Problem =>
Print, word for word, the opening line of the data below and every line after it through the line that contains "Гибкая обложка ежедневника", but not the pictures.

[Data records]
-- Opening Marker --
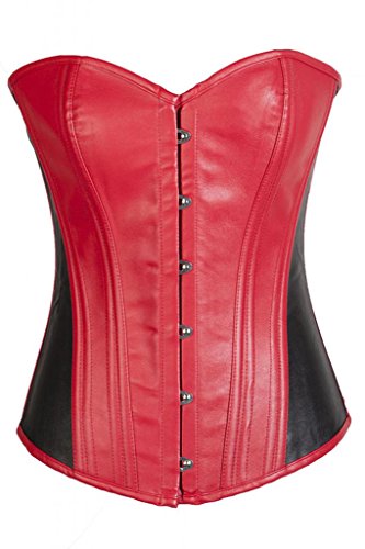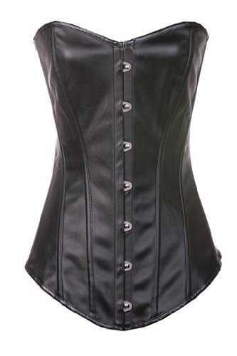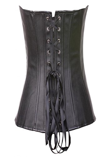 Lotsyle Women's Overbust Faux Leather Corset Lace Up Back Bustier
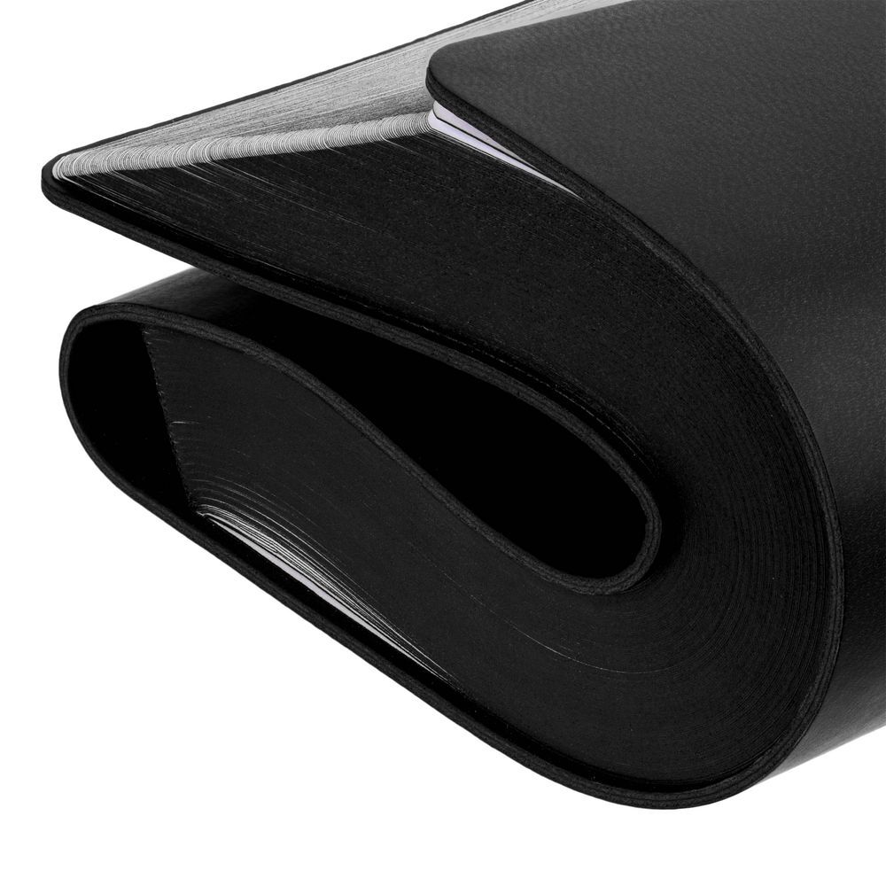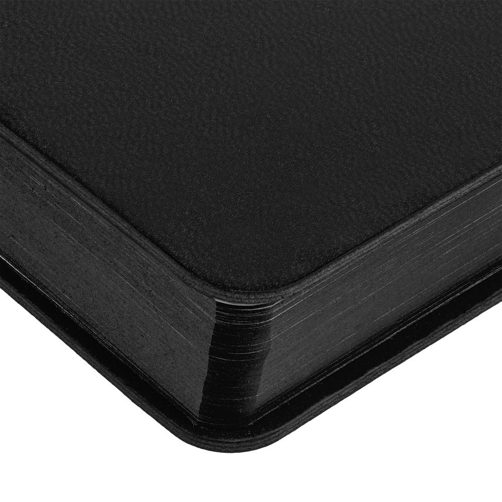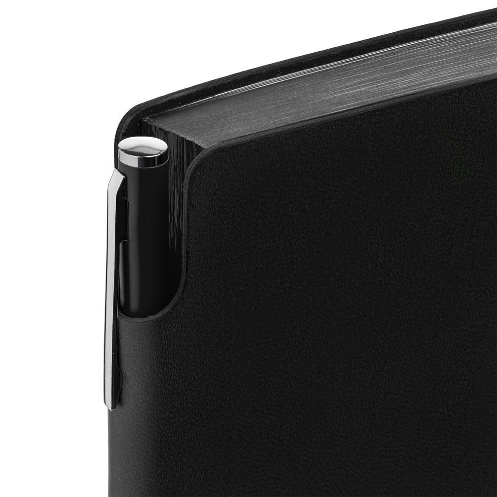 Гибкая обложка ежедневника выполнена из материала Latte, черный АА. Внутри корешка — специальное место для крепления ручки размером до 15х0,9 см.Блок 207, датирован на 2026 год, с информационным блоком: Кол-во страниц — 320;Бумага — белая, плотность 70 г/м²;Форзац и нахзац — белого цвета.
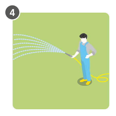 For the germination of the repair seed it is essential to keep the area moist in the first two weeks after the repair. The top layer of soil should always be a bit moist so that the lawn seedlings do not dry out. Irrigation is one of the central measures for a successful establishment of overseeding.
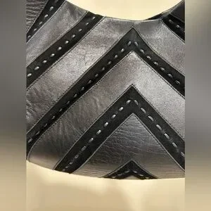 Salvatore Ferragamo Leather/ Suede Chevron Striped Hobo
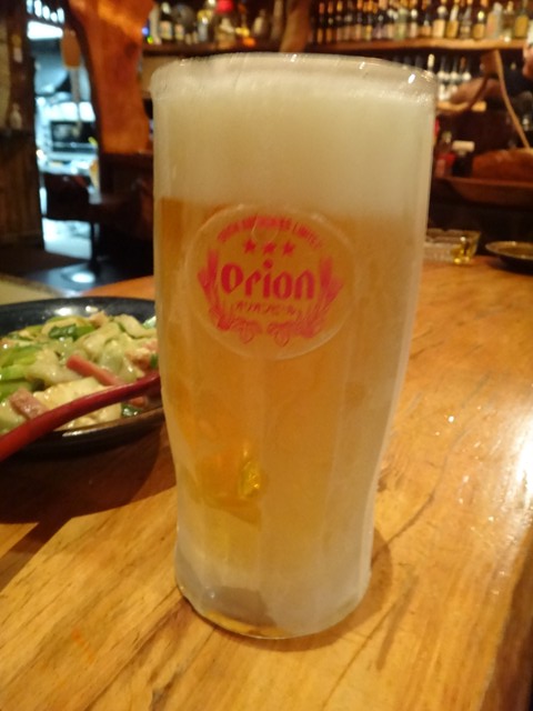 キンキンに冷えたジョッキでオリオンビールをやりながら島らっきょをつまみます。
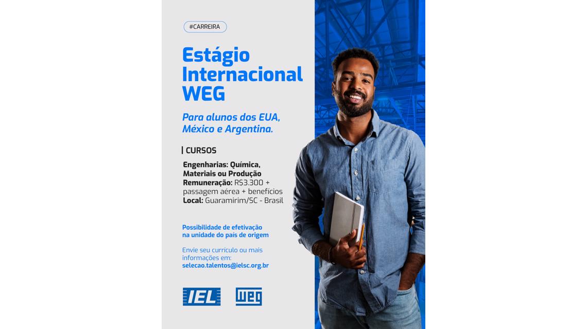 Você, estudante dos EUA, México e Argentina: a WEG, em parceria com o IEL/SC, está com uma oportunidade única de estágio internacional no Brasil para alunos de Engenharia Química, Materiais e Produção.
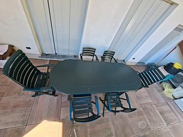 Vendo set da giardino completo Rovergarden in resina, colore verde, composto da: Tavolo allungabile con foro per ombrellone (184*90 arriva a 234cm) 4 sedie pieghevoli 2 poltrone reclinabili con braccioli Set completo, pratico e subito utilizzabile, ideale per terrazzo o giardino. Le sedute sono pieghevoli, quindi facile da gestire anche in spazi ridotti. Condizioni buone: presenta normali segni di utilizzo, ma è strutturalmente perfetto e ancora molto solido. 👉 Vendo solo in blocco 👉 Ritiro a mano Lo vendo perché poco utilizzato. Prezzo: 300€ trattabili
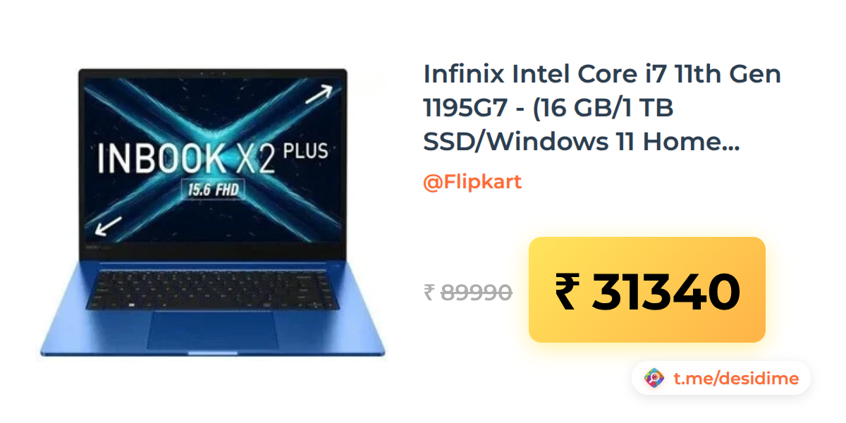 65% off on - Infinix Intel Core i7 11th Gen 1195G7 - (16 GB/1 TB SSD/Windows 11 Home) INBook X2 Plus Core i7 Thin and Light Laptop - Rs. 31340
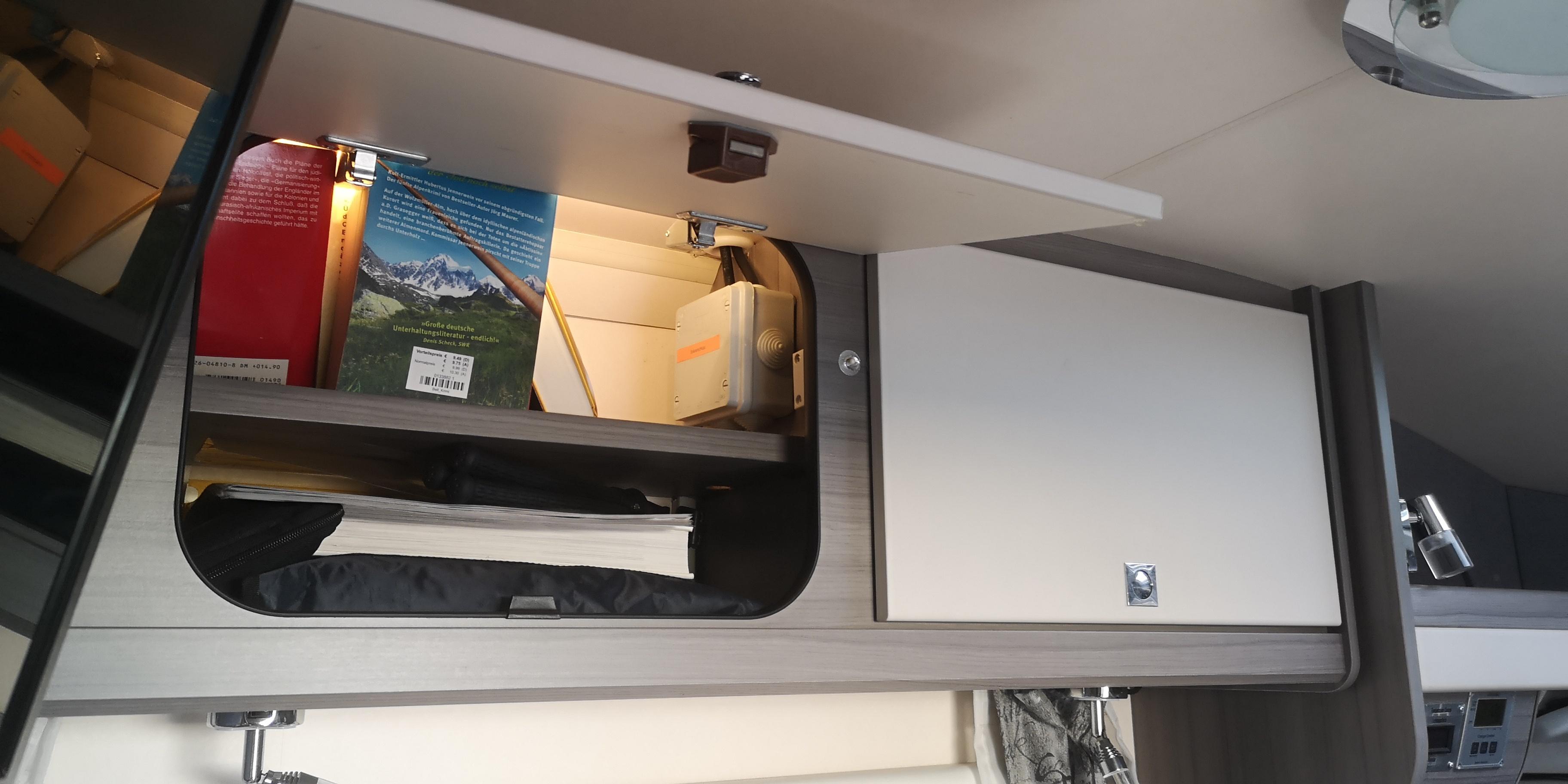Die Dachdurchführung ist im Schrank über der Sitzbank, also dem Schrank, der an der Wand zum Bad ist. Und dann aber an der schrankinnenseite, die zur Front hin ist
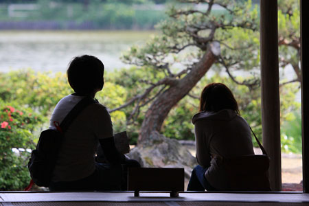 お屋敷の縁側に腰掛けて眺める 弁天池。
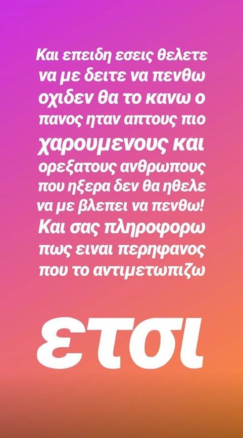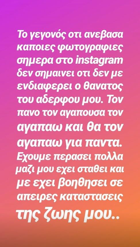 Ο αδελφός τους αδικοχαμένου Πάνου Ζάρλα αποδημοσίευσε τις συγκεκριμένες φωτογραφίες και έκανε νέα ανάρτηση στην οποία έγραψε: “Το γεγονός ότι ανέβασα κάποιες φωτογραφίες σήμερα στο Instagram δεν σημαίνει ότι δεν με ενδιαφέρει ο θάνατος του αδελφού μου. Τον Πάνο τον αγαπούσα, τον αγαπάω και θα τον αγαπάω για πάντα. Έχουμε περάσει πολλά μαζί και μου έχει σταθεί και με έχει βοηθήσει σε άπειρες καταστάσεις της ζωής μου… Και επειδή εσείς θέλετε να με δείτε να πενθώ, όχι δεν θα το κάνω. Ο Πάνος ήταν από τους πιο χαρούμενους και ορεξάτους ανθρώπους που ήξερα, δεν θα ήθελε να με βλέπει να πενθώ! Και σας πληροφορώ πως είναι υπερήφανος που το αντιμετωπίζω έτσι”.
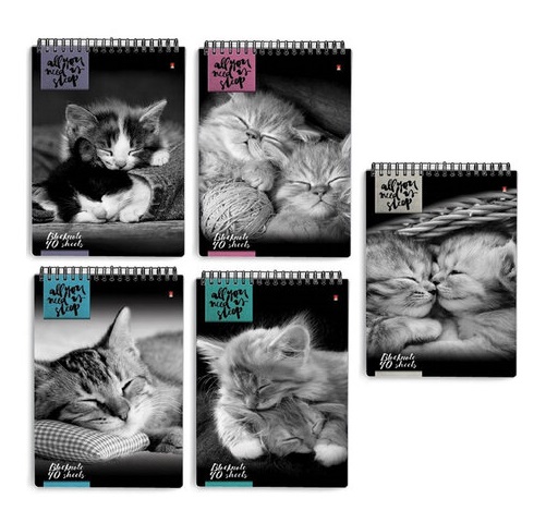 кс_Блокнот арт. 111287 А5, 40 л. гребень, ламинирован. картон, клетка Альт "Кошки" (5видов)3-40-462Формат: А5
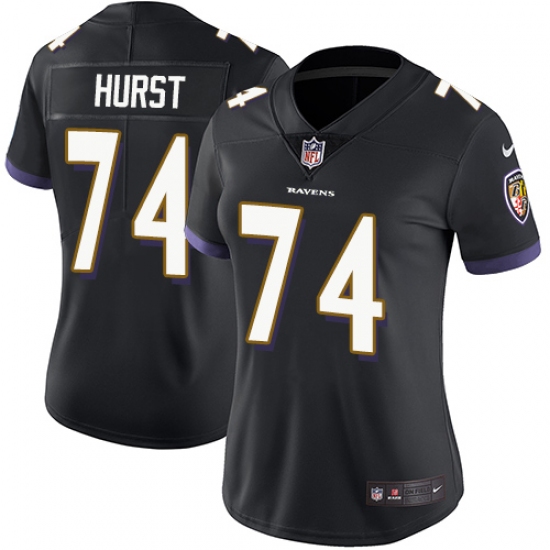 Home>NFL>Baltimore Ravens>James Hurst>Women's Nike Baltimore Ravens #74 James Hurst Black Alternate Vapor Untouchable Limited Player NFL Jersey
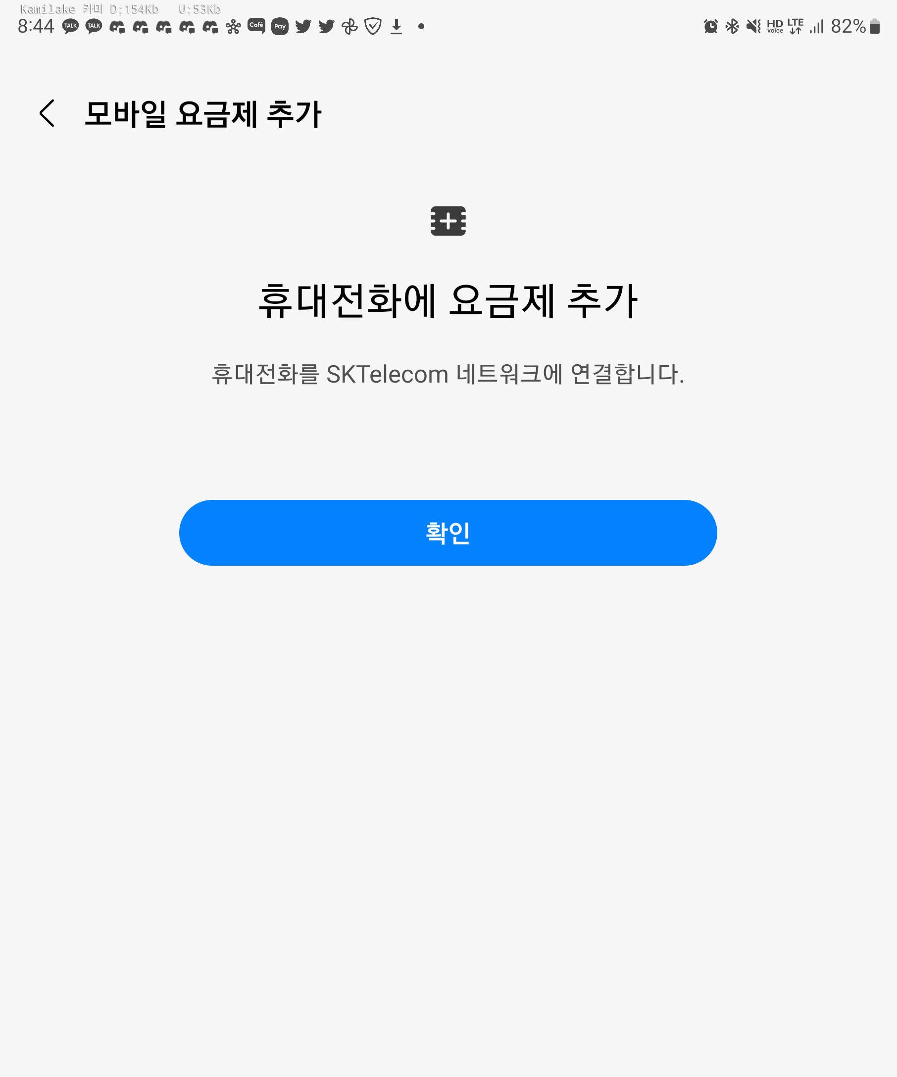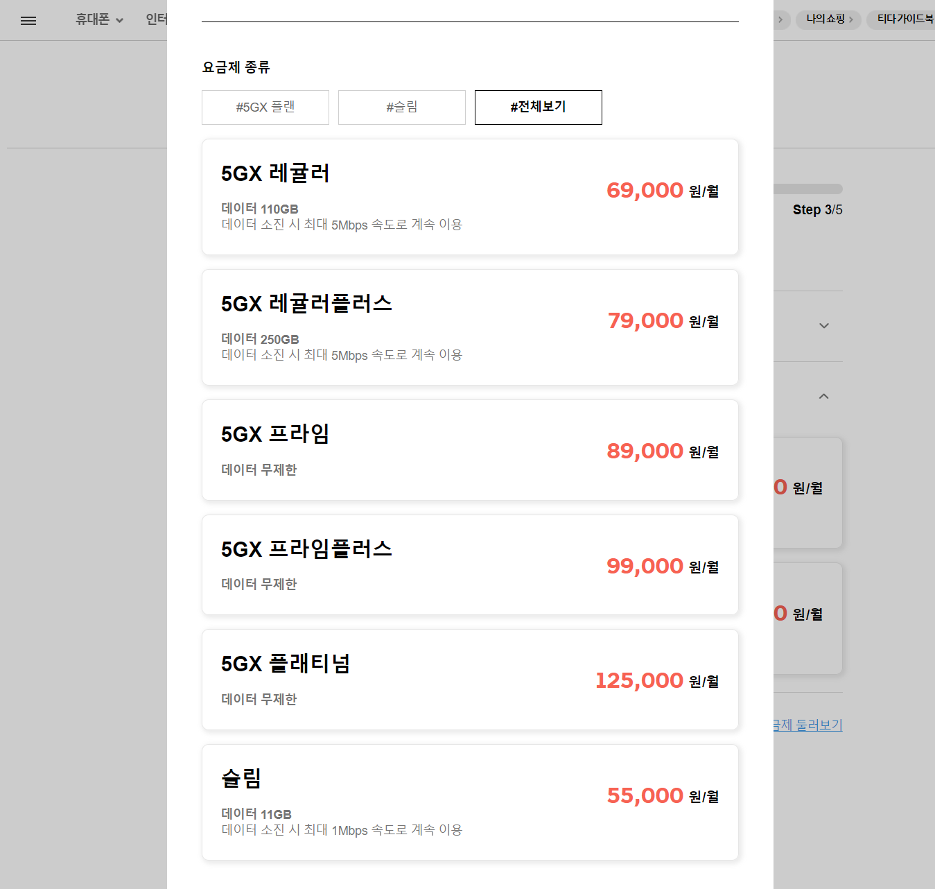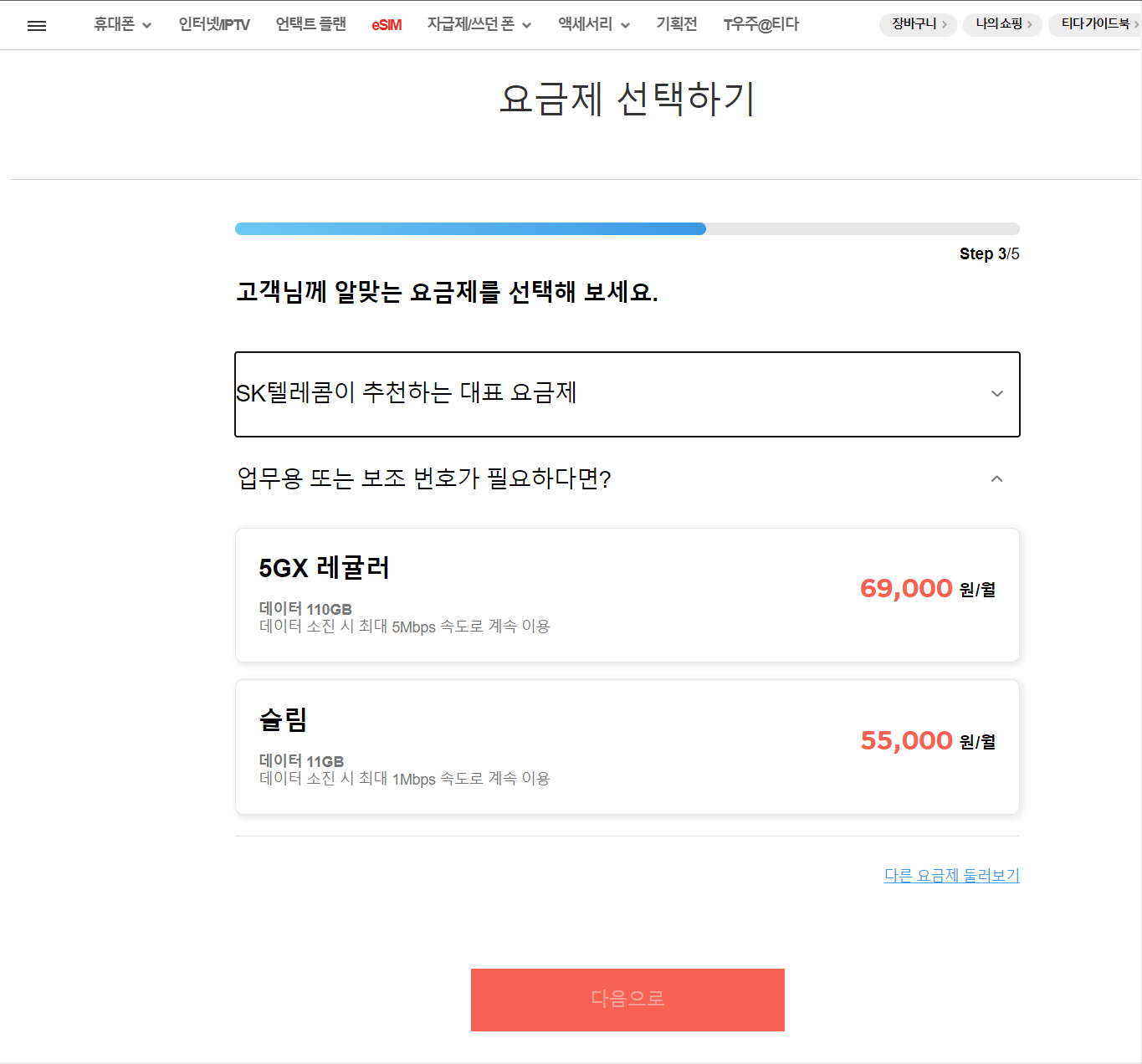 그 다음은 요금제를 선택하는 화면이 표시되는데, 제가 알기로는 모든 요금제를 사용할 수 있지만 저 페이지는 매우 불친절하게도 비싼 요금제만 나와있습니다.
-- Closing Marker --
Result for this exercise =>
 Lotsyle Women's Overbust Faux Leather Corset Lace Up Back Bustier
 Гибкая обложка ежедневника выполнена из материала Latte, черный АА. Внутри корешка — специальное место для крепления ручки размером до 15х0,9 см.Блок 207, датирован на 2026 год, с информационным блоком: Кол-во страниц — 320;Бумага — белая, плотность 70 г/м²;Форзац и нахзац — белого цвета.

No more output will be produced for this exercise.